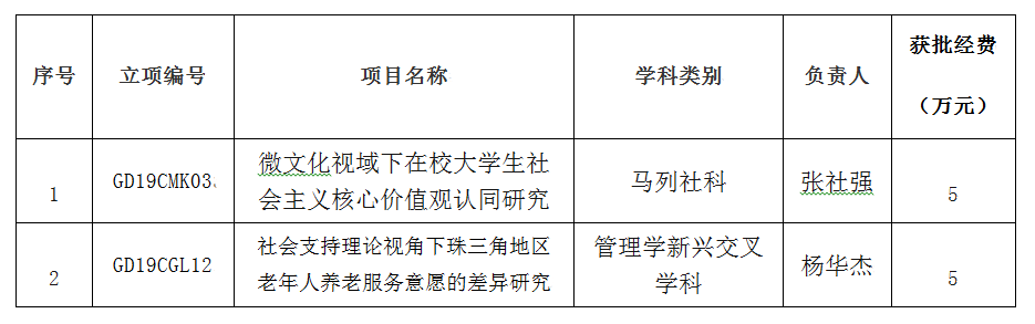 我校喜获佳绩,首获2项一般项目立项,分别为张社强老师申报的《微文化视域下在校大学生社会主义核心价值观认同研究》和杨华杰老师申报的《社会支持理论视角下珠三角地区老年人养老服务意愿的差异研究》。
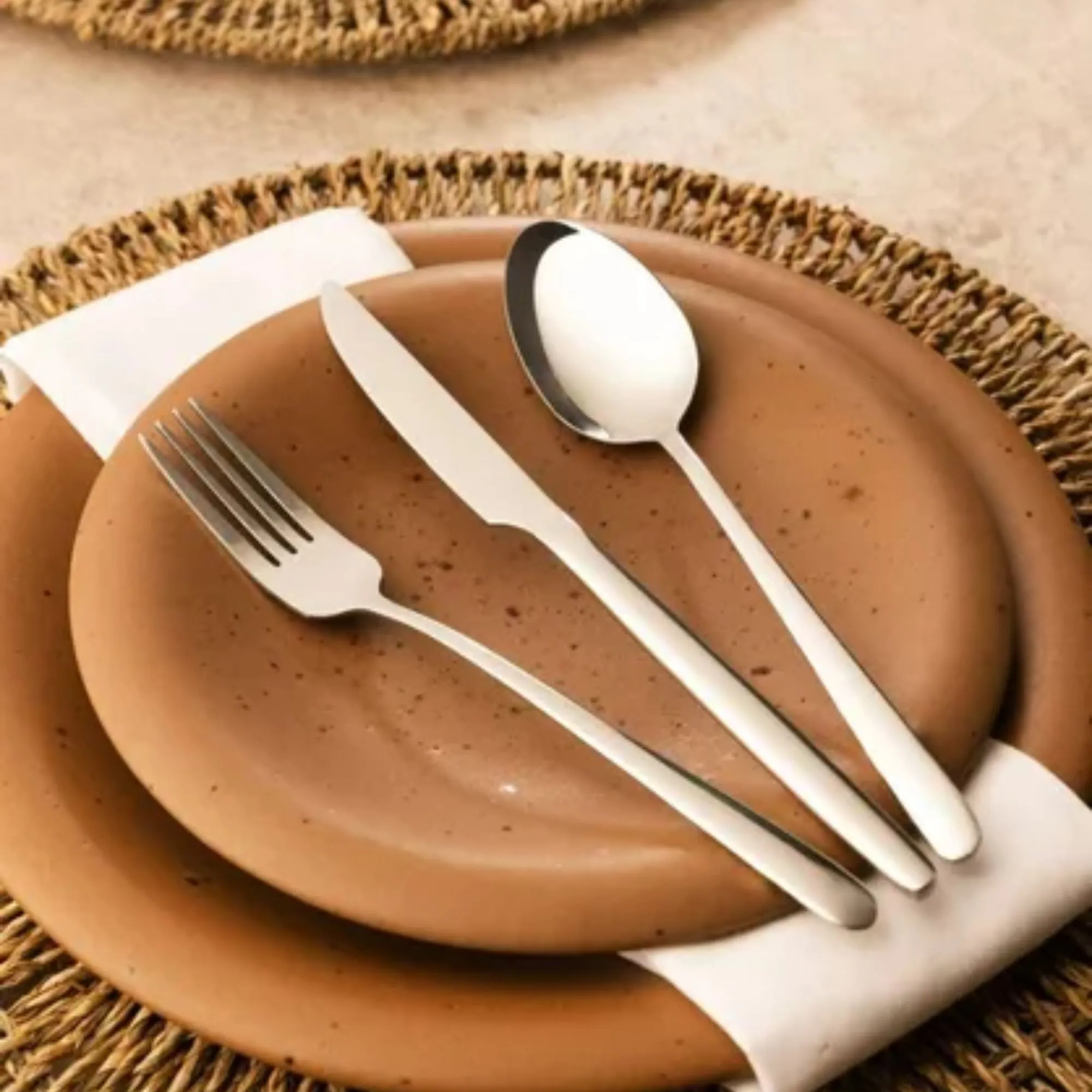 Material Premium Fabricado em Aço Inox de alta qualidade, garantindo resistência excepcional, brilho duradouro e proteção contra corrosão. É um investimento em talheres de luxo duráveis.
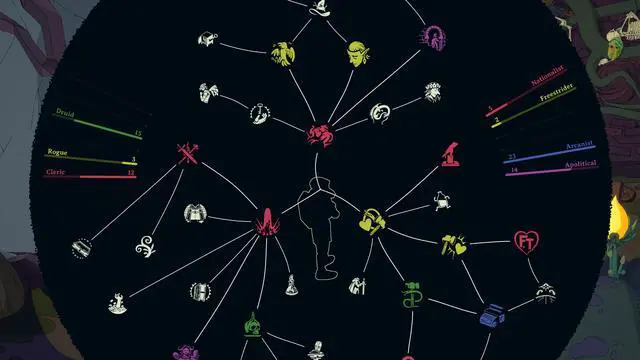 THE QUESTING TREE. Your quest log, skill tree, and mind map all at once. Each Quest Branch can take root in your mind and alter The Cleric’s playstyle through game-changing feats.
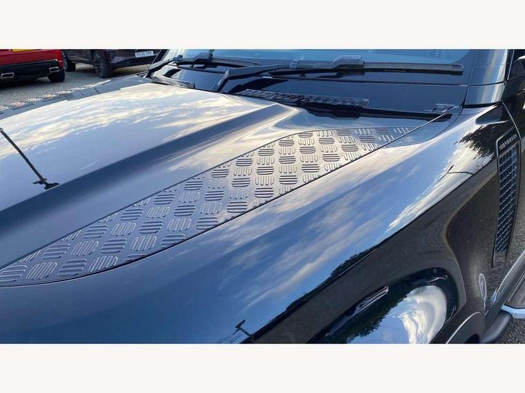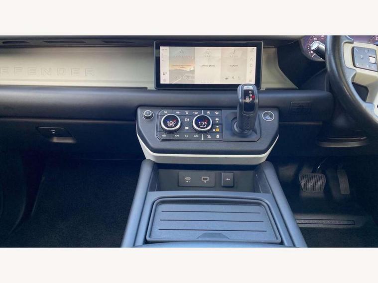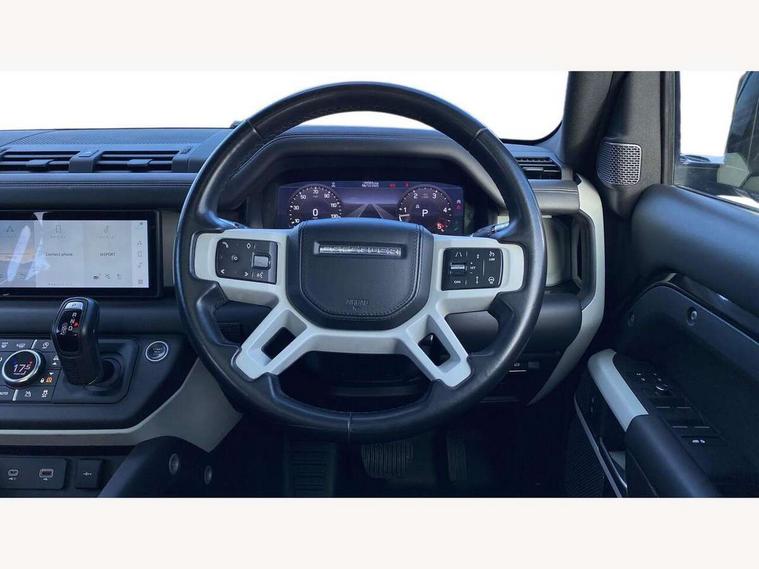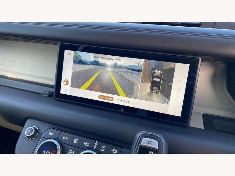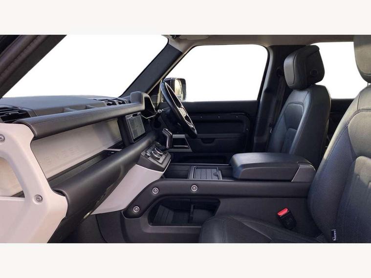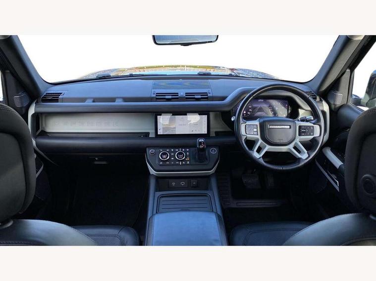 10" touch screen, 360 degree parking aid, 3D Surround Camera with 360 View, 180 Rear View, Front Traffic Detection, Forward Vehicle Guidance, Tow Hitch Assist and clear sight Ground View, Adaptive cruise control, Android Auto, Apple CarPlay, Blind spot assist, Bluetooth system, Clear exit monitor, Click and go integrated base unit, Connected navigation pro, Driver condition monitor, Interactive driver display, Lane keep assist, PAS, Pivi Pro connected navigation system with upgraded Infotainment, Rear collision monitor, Rear traffic monitor, Traffic sign recognition with adaptive speed limiter, Trip computer, Wade Sensing, Adaptive dynamics, Electronic air suspension, DAB Radio (Digital Audio Broadcasting), Automatic headlight levelling, Automatic headlights, ClearSight interior rear view mirror, Front fog lights, Heated windscreen, LED tail lights, Matrix LED headlights with signature DRL, Power fold, auto-dimming, heated door mirrors with memory and approach lights, Puddle lights, Rain sensing windscreen wipers, Signature graphic (with interior storage), Sliding panoramic roof, Standard treadplates, 14 way heated and cooled electric adjustable memory front seats with 4 way manual headrests, Carpet mats, Electric reach + rake adjustable steering column, Extended leather upgrade, Front passenger isofix child seat attachment, Heated steering wheel, Leather gearshift, Leather steering wheel, Loadspace cover, Morzine headlining, Multifunction steering wheel, Rear headrests, Rear ISOFIX, Sunvisors with illuminated vanity mirrors, Twin front cupholders with cover, Windsor leather upholstery, Online pack with data plan - Defender, 5 x 3 point seatbelts, ABS, Driver and passenger airbags, Emergency braking, ESP + traction control, TPMS (Tyre pressure monitoring system), Alarm, Immobiliser, Intrusion sensor, Keyless entry and go, Locking wheel nuts, Remote locking,
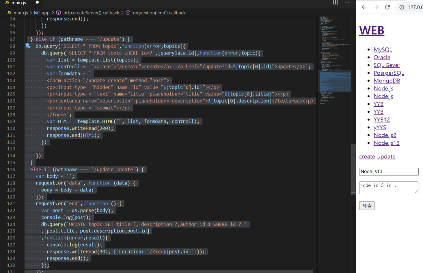 1. update를 클릭했을때 db.query('SELECT * FROM topic`,function(error,topics){}로 topic 전체 테이블을 가져오고
---
Aim of the exercise |
In the entries above, find the line containing "THE QUESTING TREE."; transcribe exactly that line and every line after it through the end, and only those, omitting pictures.

Solved exercise |
 THE QUESTING TREE. Your quest log, skill tree, and mind map all at once. Each Quest Branch can take root in your mind and alter The Cleric’s playstyle through game-changing feats.
 10" touch screen, 360 degree parking aid, 3D Surround Camera with 360 View, 180 Rear View, Front Traffic Detection, Forward Vehicle Guidance, Tow Hitch Assist and clear sight Ground View, Adaptive cruise control, Android Auto, Apple CarPlay, Blind spot assist, Bluetooth system, Clear exit monitor, Click and go integrated base unit, Connected navigation pro, Driver condition monitor, Interactive driver display, Lane keep assist, PAS, Pivi Pro connected navigation system with upgraded Infotainment, Rear collision monitor, Rear traffic monitor, Traffic sign recognition with adaptive speed limiter, Trip computer, Wade Sensing, Adaptive dynamics, Electronic air suspension, DAB Radio (Digital Audio Broadcasting), Automatic headlight levelling, Automatic headlights, ClearSight interior rear view mirror, Front fog lights, Heated windscreen, LED tail lights, Matrix LED headlights with signature DRL, Power fold, auto-dimming, heated door mirrors with memory and approach lights, Puddle lights, Rain sensing windscreen wipers, Signature graphic (with interior storage), Sliding panoramic roof, Standard treadplates, 14 way heated and cooled electric adjustable memory front seats with 4 way manual headrests, Carpet mats, Electric reach + rake adjustable steering column, Extended leather upgrade, Front passenger isofix child seat attachment, Heated steering wheel, Leather gearshift, Leather steering wheel, Loadspace cover, Morzine headlining, Multifunction steering wheel, Rear headrests, Rear ISOFIX, Sunvisors with illuminated vanity mirrors, Twin front cupholders with cover, Windsor leather upholstery, Online pack with data plan - Defender, 5 x 3 point seatbelts, ABS, Driver and passenger airbags, Emergency braking, ESP + traction control, TPMS (Tyre pressure monitoring system), Alarm, Immobiliser, Intrusion sensor, Keyless entry and go, Locking wheel nuts, Remote locking,
 1. update를 클릭했을때 db.query('SELECT * FROM topic`,function(error,topics){}로 topic 전체 테이블을 가져오고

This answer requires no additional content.